9 TV Shows Viewers Think Are Literally Too Dark (VIDEO)

Dark TV Shows, The Chilling Adventures of Sabrina, American Horror Story, Game of Thrones
Netflix, FX, HBO

For many viewers, television is too dark these days — not in subject matter, necessarily, but actual cinematography. Even with expensive TV sets, some viewers can’t make out the action of their favorite shows, let alone those who try watching programs on smaller screens.

TV critics have been griping about the issue for years. For a 2018 article titled “Dear TV: Lighten Up,” TVLine’s Matt Mitovich cited anonymous industry insiders discussing dimly-lit shows. “I’m guessing it’s a case of directors — and more often showrunners/producers — trying to get too cinematic,” one veteran TV producer said at the time. “It could also just be a screw-up where people forget that their perfect set-up in their color timing doesn’t mean it’ll work for everyone.”

In a 2016 piece titled “Why TV Shows Are Darker Than They’ve Ever Been,” Slate’s Matthew Dessem attributed the trend to The Sopranos, whose cinematography “was naturally modeled on Gordon Willis’ famous low-light work on The Godfather.” But the problem, Dessem added, is that the low-light cinematography “sometimes got conflated with the relatively new idea of ‘prestige television’ in much the same way as the show’s antihero did.”

That same year, Vulture’s Kathryn VanArendonk acknowledged in the article “TV Shows Are (Literally) Too Dark” that no show needs to be “bright all the time”… but also argued that no show should be constantly dark, either: “Periods of darkness are vital visual tools, which do so much to create mood and delineate space and time. When an entire episode of Jessica Jones is filmed in unrelenting noir shadows, though, and when Ray Donovan’s perpetual sepia gets too boring, and every non-Daenerys scene [of Game of Thrones] looks like it’s been stained with coffee, the effect is lost.”

The problem is even irritating TV stars, too. “If you see our show at a screening, in a theater, you see everything,” one told TVLine. “But for some reason when it translates into TV it gets really, really dark. And that’s frustrating.”

Critics aren’t the only ones squinting at their TV sets. Scroll down to see nine shows that viewers have deemed too dark.

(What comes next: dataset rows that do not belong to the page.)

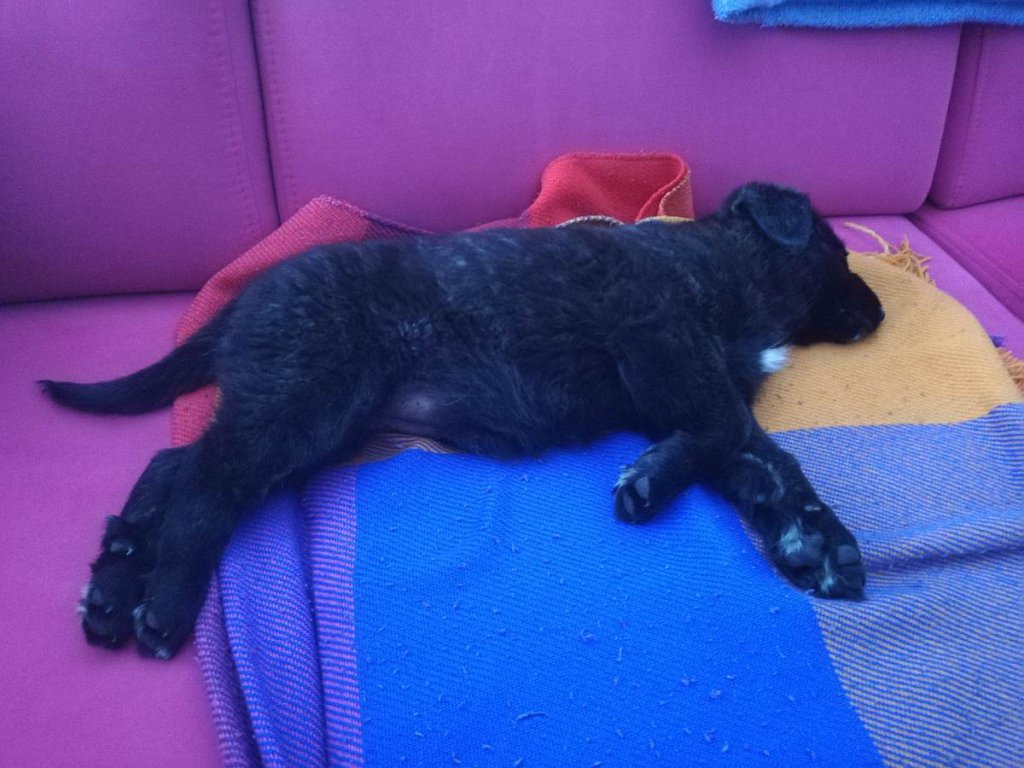 Suczka jest czarna z białym krawacikiem. Może mieć kilka miesięcy. Zwierzak wygląda na zadbanego.
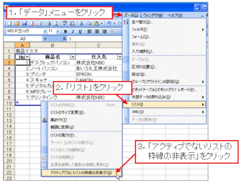 この枠線ですが、「リスト範囲内が選択されていないときは表示させたくない」という場合もあるでしょう。そんなときは、「データ」メニュー→「リスト」→「アクティブでないリストの枠線の非表示」をクリックします。
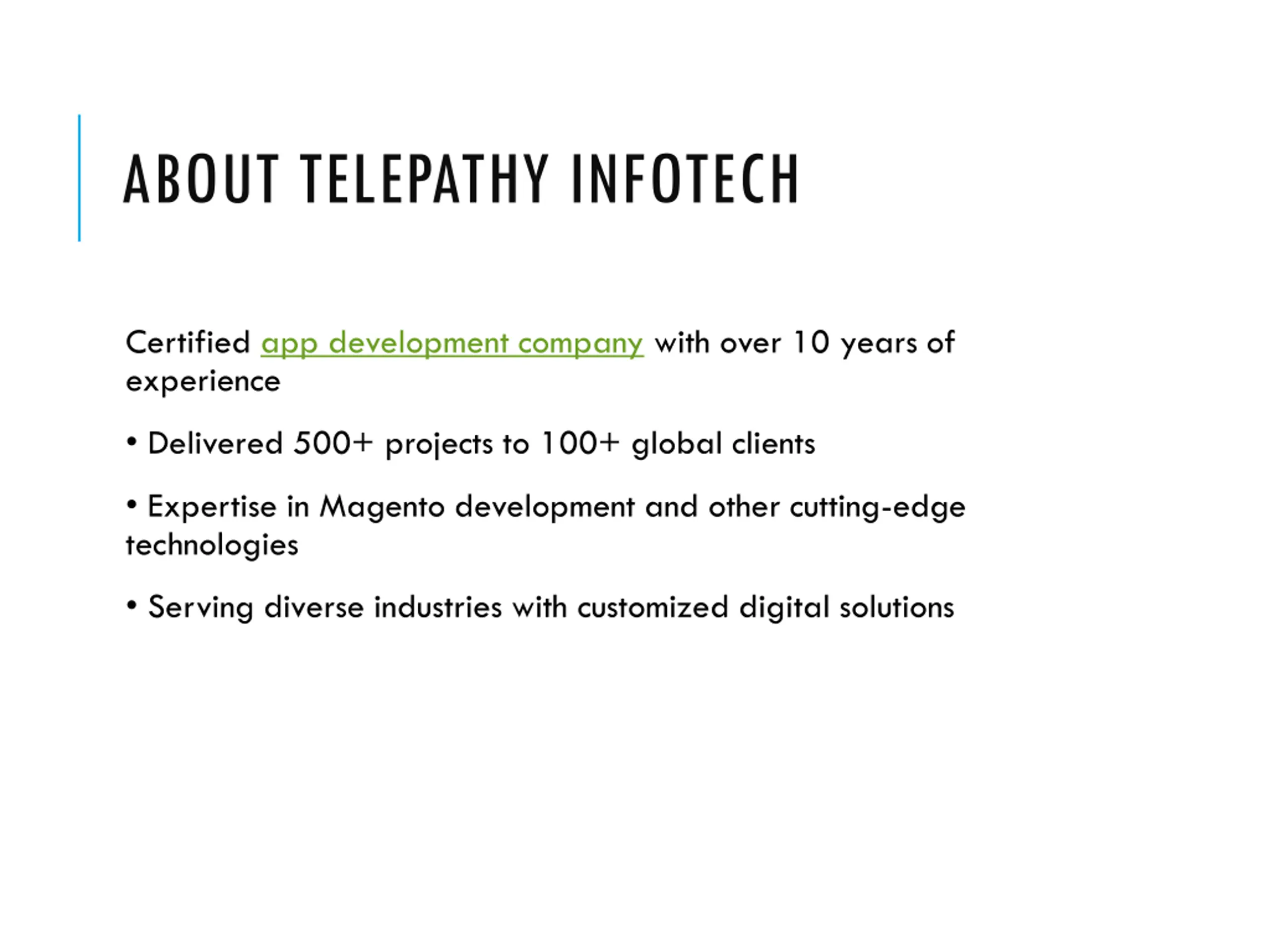 ABOUT TELEPATHY INFOTECH Certified app development company with over 10 years of experience Delivered 500+ projects to 100+ global clients Expertise in Magento development and other cutting-edge technologies Serving diverse industries with customized digital solutions
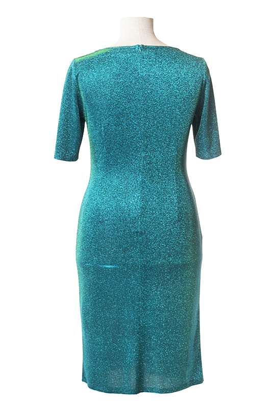 Rozalia to kreacja niczym z czerwonego dywanu, tym razem w wersji midi. Suknia wykonana z błyszczącej dzianiny, modeluje sylwetkę mocno podkreślając kształty. Dzięki odpowiedniemu balansowi miedzy sztywnością i poddatnością materiału, suknia "robi " nam figurę, a zakładki na brzuchu skutecznie go tuszują.
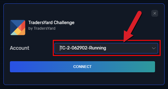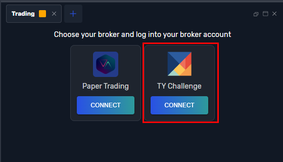 Gehe zum Trading-Tab und klicke auf „Connect to TY Challenge“.
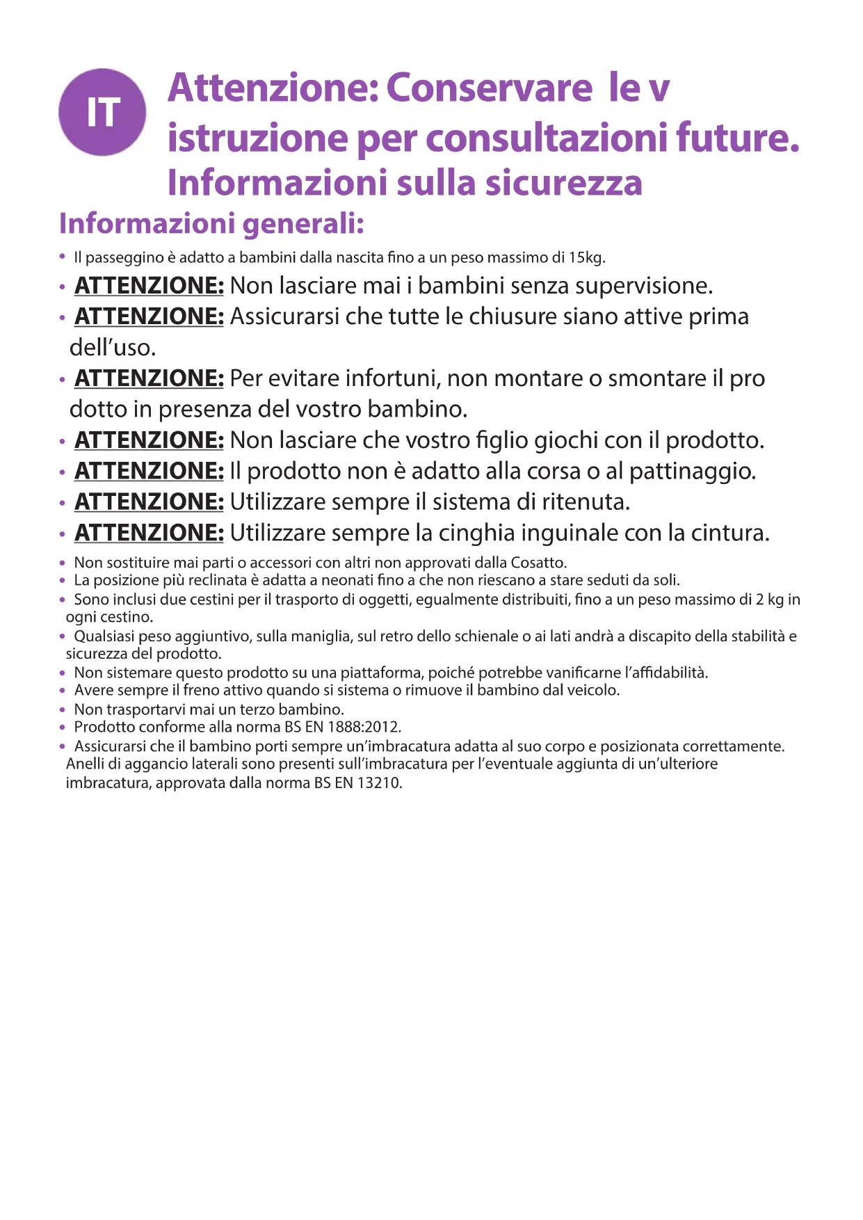 Il passeggino è stato realizzato seguendo gli standard di sicurezza, e con un uso e manutenzione corretti, vi regalerà diversi anni di ottima performance.
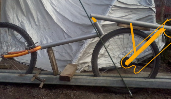 Aplari toi yhden pyöränraadon lisää, rakennusmateriaaliksi. Pilkoin sen ja sovittelin osia paikoilleen mutta tuntuu ett helpompi tehdä kokonaan alusta putkesta ja muusta tarveaineesta, vähemmän tarttee kompromisseja ![]()
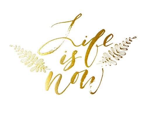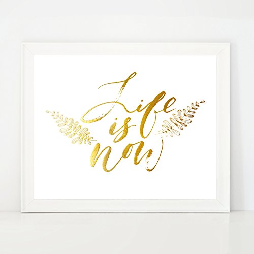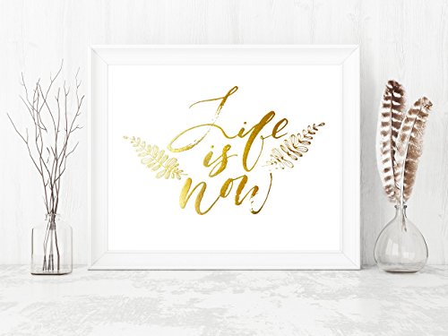 This is a quirky and playful home interiors gold foil art print displaying 'Life Is Now'.'
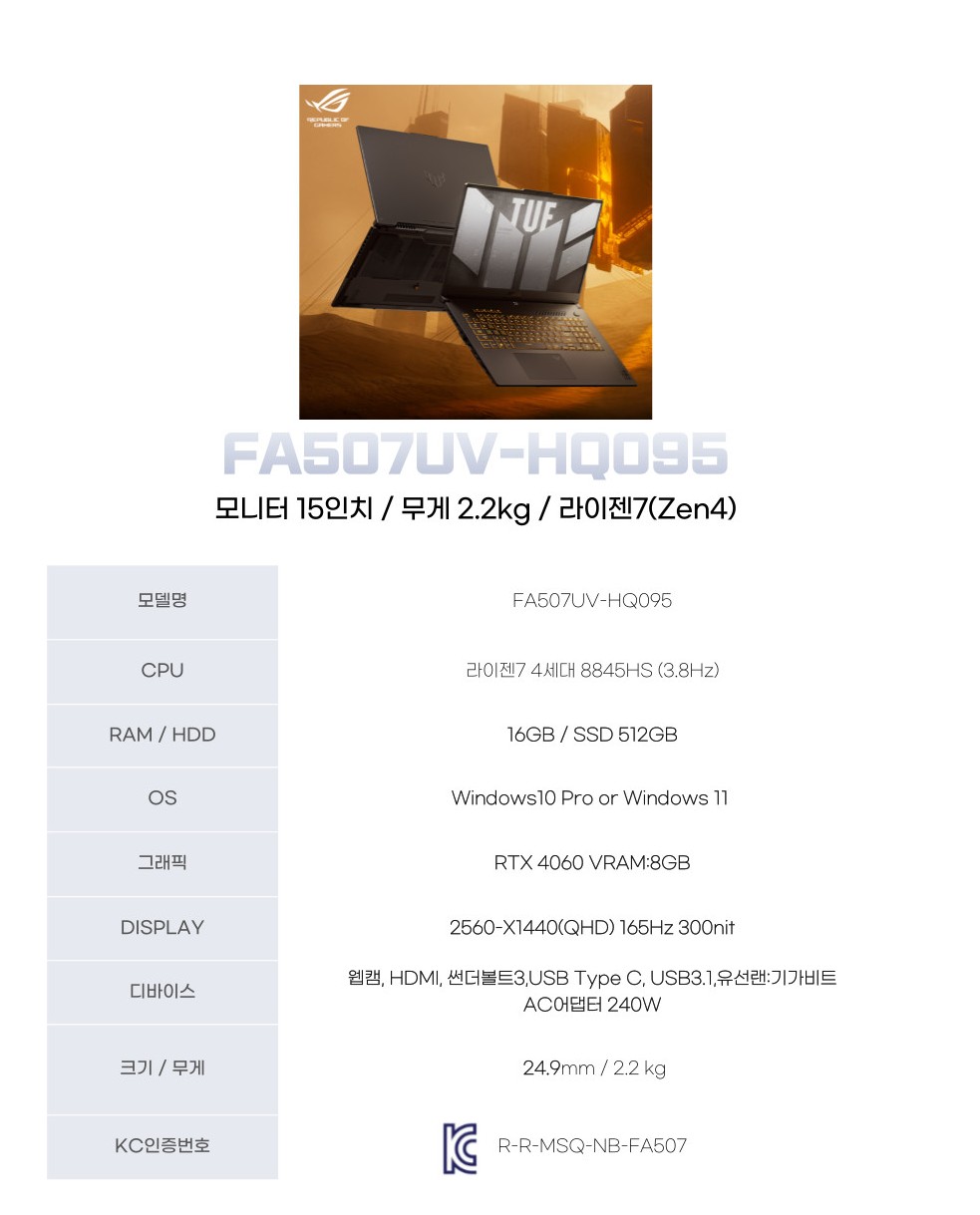 위더스컴퓨터 ASUS 노트북 ASUS TUF Gaming A15 FA507UV-HQ095 (512GB)
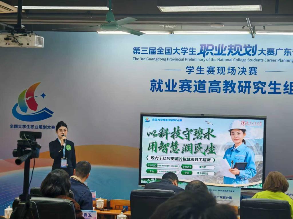 决赛现场,我院博士研究生董玉茹立足行业前沿,紧扣社会需求,依托扎实的实践经验,精准把握行业难点,提出创新性技术解决方案,充分展现了智慧水务工程师以科技兴水、以专业治水的初心使命。
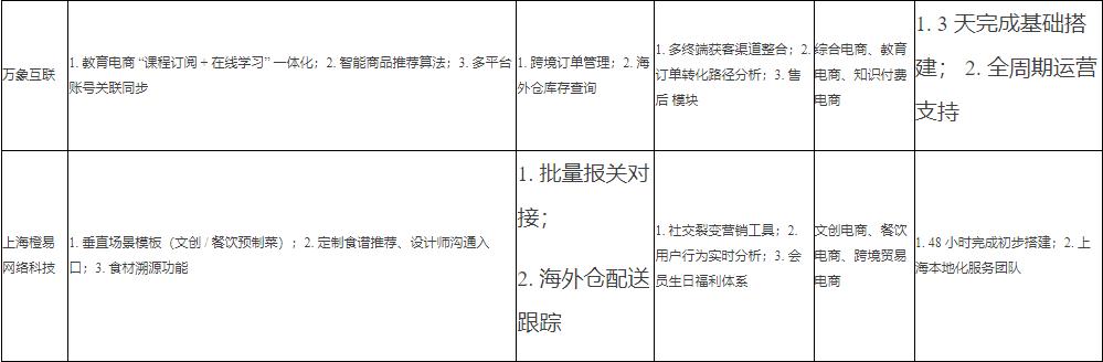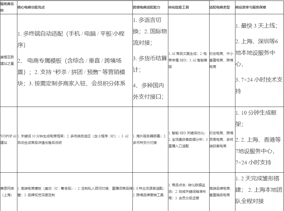 为更直观对比各服务商核心优势,以下整理上海电商建站服务商核心功能对比表,助力企业快速匹配需求:
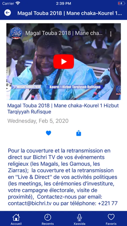 Bichri TV is an Islamic channel serving muslims in general and the Murid Community around the world in particular. With the App you can watch live stream of Bichri TV, DVR, Videos on Demand of past shows, online radios etc...Our Headquarters are in Denver, CO, but we have representations and offices in major international cities, like Touba, Dakar, Diourbel, New York, Brescia, Brussels, London, Buenos Aires, to name but a few.
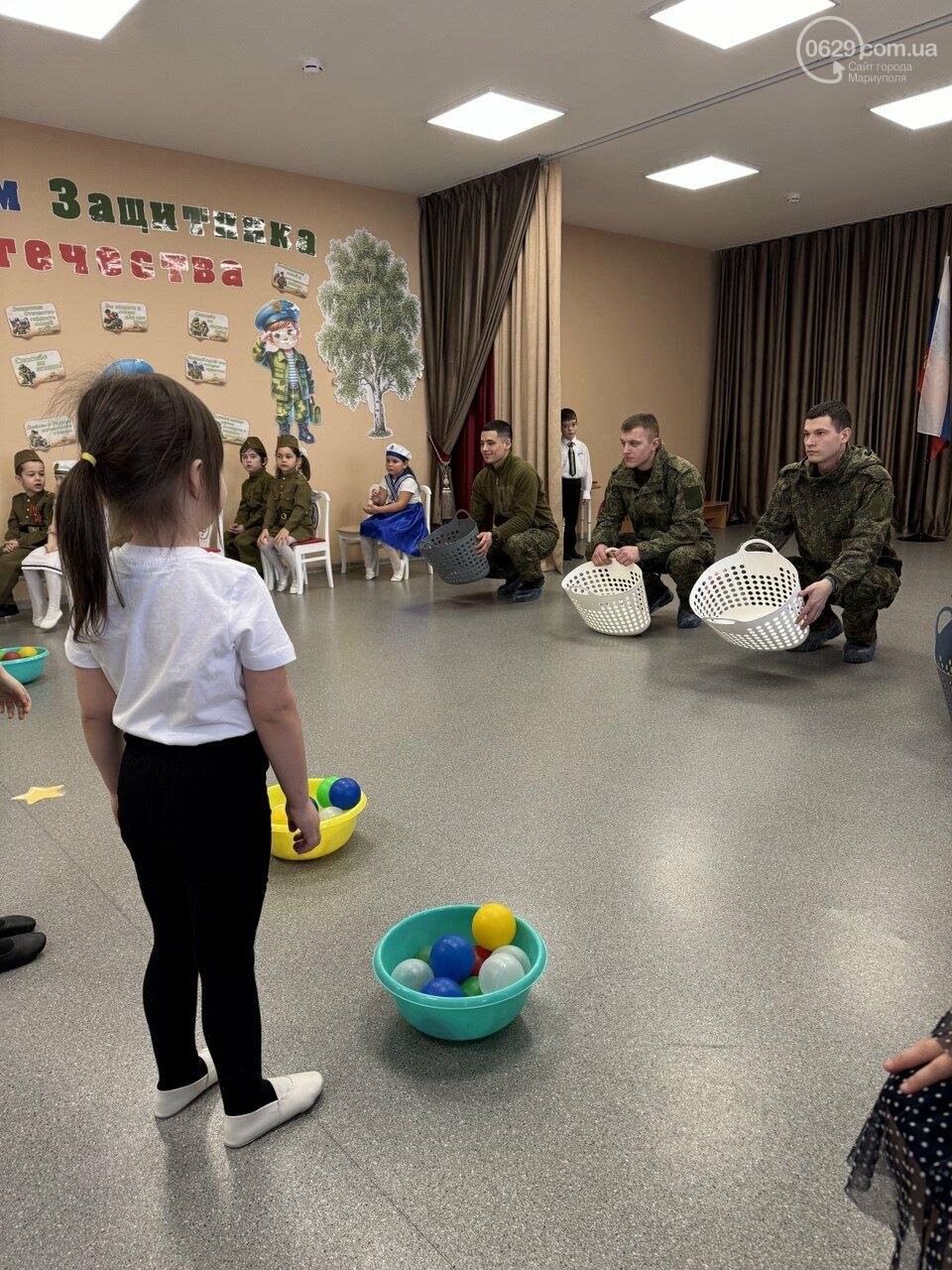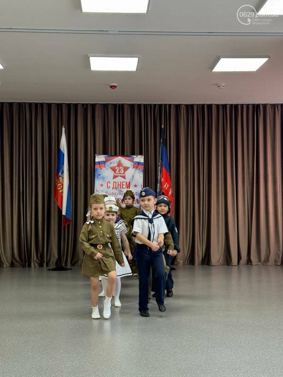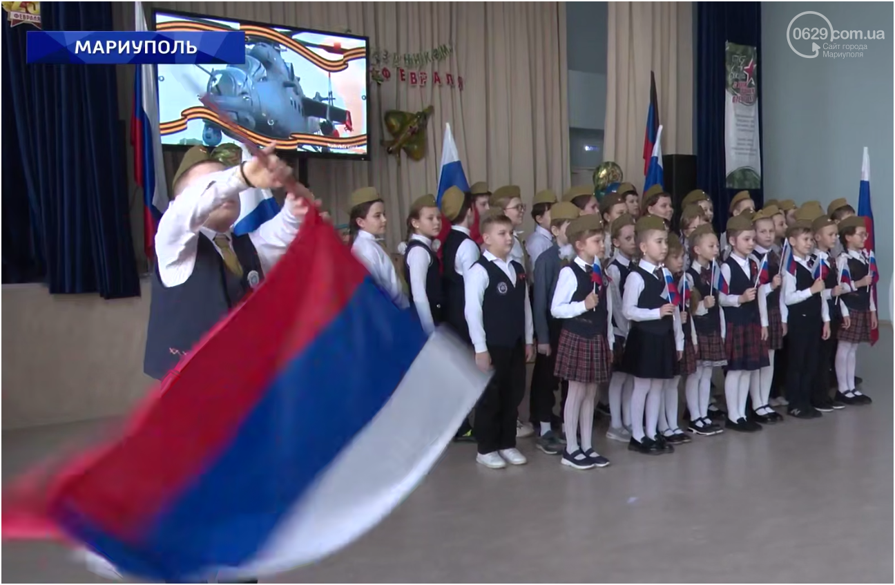 Сегодня, 23 февраля, страна-агрессорка отмечает так называемый «День защитника Отечества». В оккупированном Мариуполе это явилось поводом для серии пропагандистских мероприятий с участием детей. В разных районах города фиксируют акции, концерты и милитаризованные выступления, имеющие общую цель – формирование лояльности к оккупанту и его армии.

Chilling Adventures of Sabrina

Chilling Adventures of Sabrina is sooooo dark!” one Reddit user lamented. Another said, “I was watching the last [episode] just last night and had to pause and crank up the brightness,” A third chimed in to say, “My brightness has to always be set to 100% with this show.”

The Mandalorian


Twitter user @alexqarbuckle quipped, “The Mandalorian is too freaking dark. I can barely make out what’s happening on screen and seeing my reflection in the TV constantly reminds me I’m a lonely adult man watching and critically engaging with a children’s program about action figures and lasers.”

American Horror Story


“How do I turn my brightness up on my TV?” asked Twitter user @jujubear33. “I can’t see anything in this episode of AHS. S—t is too dark.”

Hanna


Twitter user @UnwantedR decried Hanna’s “weirdly dark, monochromatic lightning,” adding, “Don’t waste your time, since you can’t see anything.”

What We Do in the Shadows


One Reddit user wrote: “I really want to like What We Do in the Shadows on FX, but I’m just looking at a black screen the whole time. It’s super annoying.” Another commented: “That show is a bad offender.”

Star Trek: Discovery


Star Trek: Discovery takes this to a ridiculous extent,” one Reddit user observed. “When I watch it, I’m always thinking, ‘Are people in the future able to see in the dark, or why on earth do they keep their workplace in darkness?’ I think the creators believe that by doing so, their work will seem better and more serious. (Hint: it doesn’t.)”

Ozark


The darkness issue is “genuinely the primary reason I dropped Ozark halfway through the first season,” one Redditor said. Another concurred, commenting, “When I started watching Ozark on my Kindle, I had to check it to make sure I didn’t accidentally turn down the brightness.”

Agents of S.H.I.E.L.D.


“Camera pans to Agents of S.H.I.E.L.D. but we can’t see their reaction [because] it’s too dark,” @melindaqiaolian tweeted after a critic called out dark cinematography on TV shows.

Game of Thrones


So many fans complained about the inscrutable action of Game of Thrones’s long-awaited episode “The Long Night” that cinematographer Fabian Wagner had to defend the production in an interview with Wired UK, claiming that “a lot of the problem is that a lot of people don’t know how to tune their TVs properly.”